=== INFORMATION PROVIDED ===

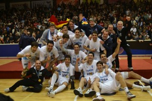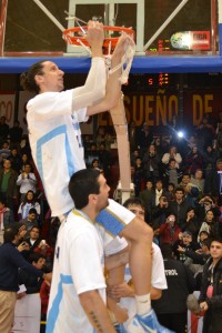 RITUAL. El MVP Leo Gutiérrez sostiene a Leiva mientras corta las redes.
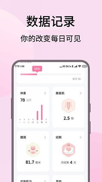 填写个人数据,准确计算BMI,36条产后修复计划,全方位辅助你的产褥期
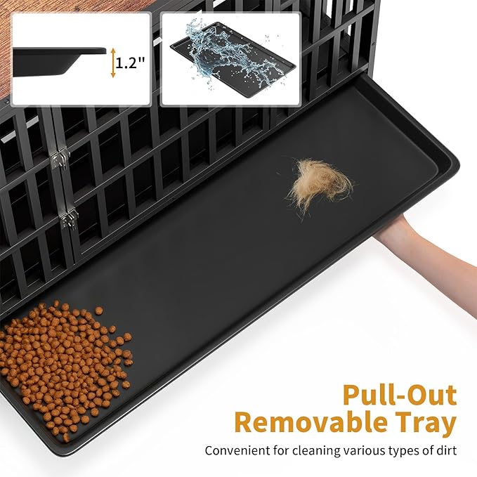 - 【Removable Tray for Easy Cleaning】: Features wide-spaced metal plate flooring that allows waste to fall directly into the slide-out tray. Helps maintain kennel furniture cleanliness, minimizes odor and mess, and ensures a healthier space for your dog—no more daily heavy scrubbing.
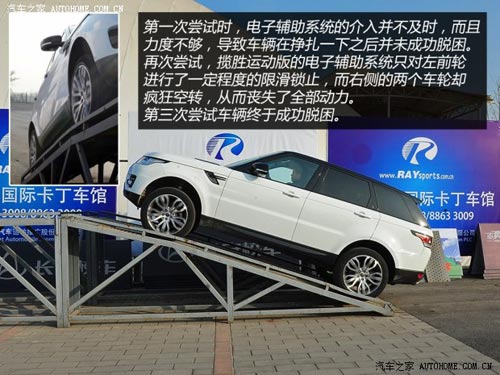 既然采用了相同的動力系統,那么為什么兩款車同樣在面對三個開放式滑輪組時會有不同的表現呢?原因恐怕就在于兩款車對于電子輔助系統的設定并不相同。在這項測試過程中,我們可以清晰地感覺到攬勝的電子輔助制動介入的非常及時,并且準確。而攬勝運動版則稍顯猶豫,而且制動力度不夠,動力分配不夠準確。這大概和兩款車的定位有關,畢竟攬勝運動版更偏重公路操控性,在不影響安全的前提下,車輛留給駕駛者的自由度更高,所以電子系統介入的及時性不如攬勝也就不難理解了。
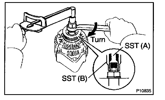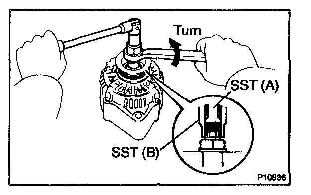 e. To loosen the pulley nut, turn SST (A) in the direction shown in the illustration.
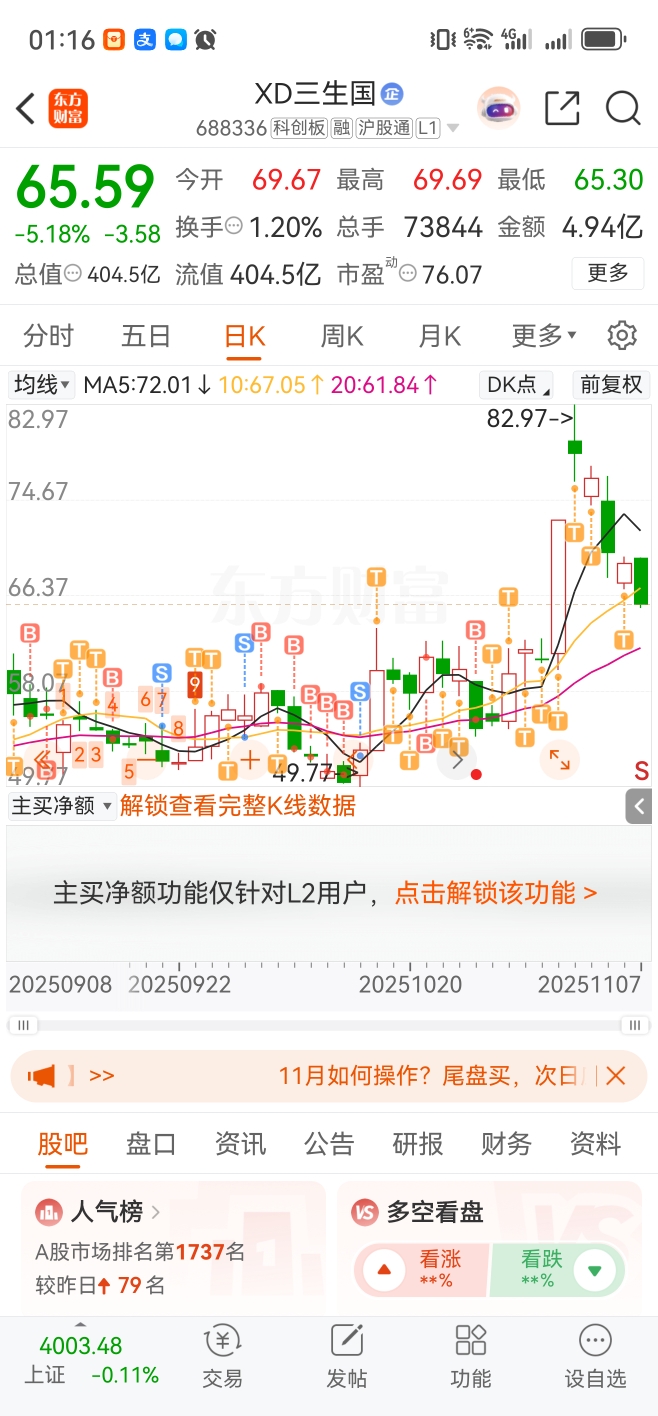 $XD三生国(SH688336)$ 这架势是要回到起涨的节奏吗
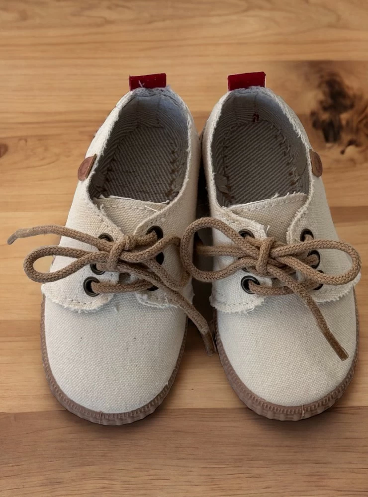 Made of beige linen with rubber sole and sand-colored laces. They are very comfortable and useful sneakers with a very cool design that is special to wear.
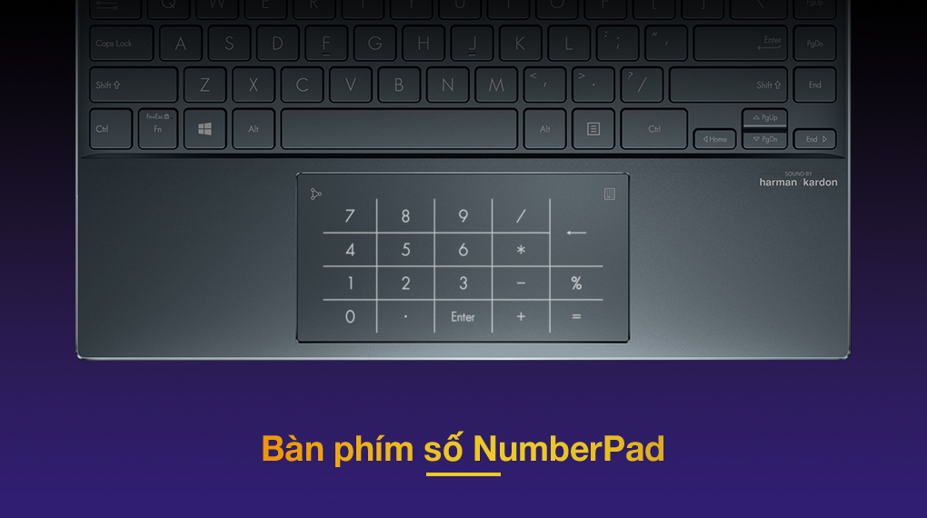 Touchpad được tích hợp bàn phím số đầy sáng tạo cho bạn thao tác nhập số ngay trên bàn di chuột một cách tiện lợi nhất.
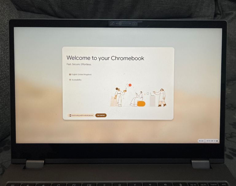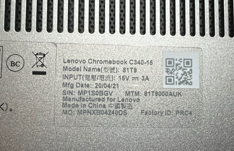 For sale, a Lenovo Chromebook. The C340-15 Laptop benefits from a 15.6" touchscreen and has 4GB of RAM, and a 64GB hard drive. It has the Chrome OS, and comes with its charger.
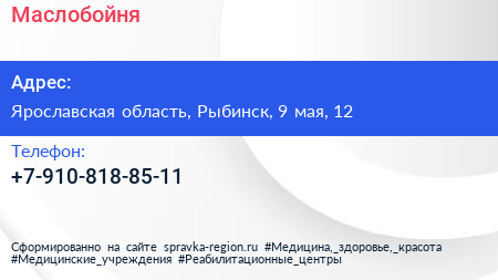 Маслобойня по адресу Ярославская область, Рыбинск, 9 мая, 12 в дальнейшем Организация, размещена в следующих категориях:

===

◆ WORK INSTRUCTIONS
Look above for the line with "e. To loosen" and the line with "Made of beige". Output those two and everything between them exactly, pictures excluded.

◆ RESPONSE AREA
 e. To loosen the pulley nut, turn SST (A) in the direction shown in the illustration.
 $XD三生国(SH688336)$ 这架势是要回到起涨的节奏吗
 Made of beige linen with rubber sole and sand-colored laces. They are very comfortable and useful sneakers with a very cool design that is special to wear.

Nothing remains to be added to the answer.